For the test case given in the link
https://godbolt.org/z/P5aYsKr8P
llvm is able to generate implicit broadcast for single use case.
is there way to force implicit broadcasts when there are multiple uses for the constant being broadcasted?

Not currently, ideally we’d do this where we have high register pressure but it currently doesn’t do a good job here (and it tends to spill the broadcasted constant and then fold the stack reload as a full register…).

What is your particular use case here?

I was looking at an internal application code and compared it with GCC. GCC seems to be doing full vector constant folded load in few places. They are not generating folded broadcasts though. But LLVM always ended up broadcasting to a register followed by use of that register in FP Arithmetic operations. This is because many places number of uses for the constant being broadcasted is 2 or more. There is also register spills and almost all zmm registers are used.

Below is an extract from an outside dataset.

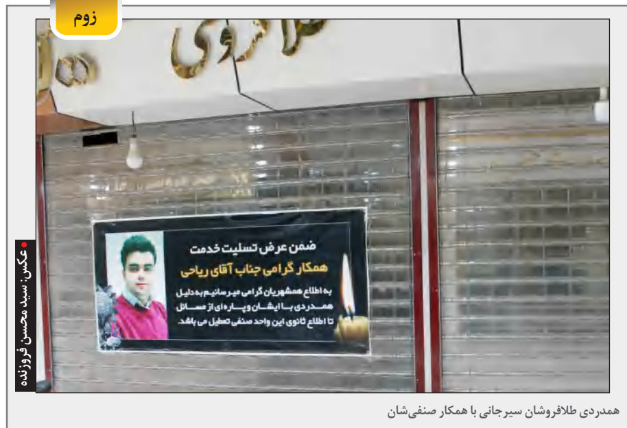
همدردی طلافروشان سیرجانی با همکار صنفی شان

https://reviews.llvm.org/D150143/new/#change-xPKKSPZcbh4D can this pass do the folding ? or do you suggest some place where we can try to fold like X86ISelDAGToDAG.cpp?

X86FixupVectorConstantsPass will convert full vector width constant loads to broadcasts.

On AVX512 the pass will also attempt to convert full vector width constant loads folded in instructions to the broadcast folded variant, but we’re still missing a lot of instructions from the AVX512 tables: [X86] X86FoldTablesEmitter - add support for AVX512 BroadcastFoldTables · Issue #66360 · llvm/llvm-project · GitHub

If we’re running out of registers, we will try to reload constants (which might allow it to fold into the instruction), but its inconsistent, so please raise bugs if you see examples where it goes wrong.

If we have spare registers then we will just load/broadcast the constant to a single register and reuse it for multiple instructions.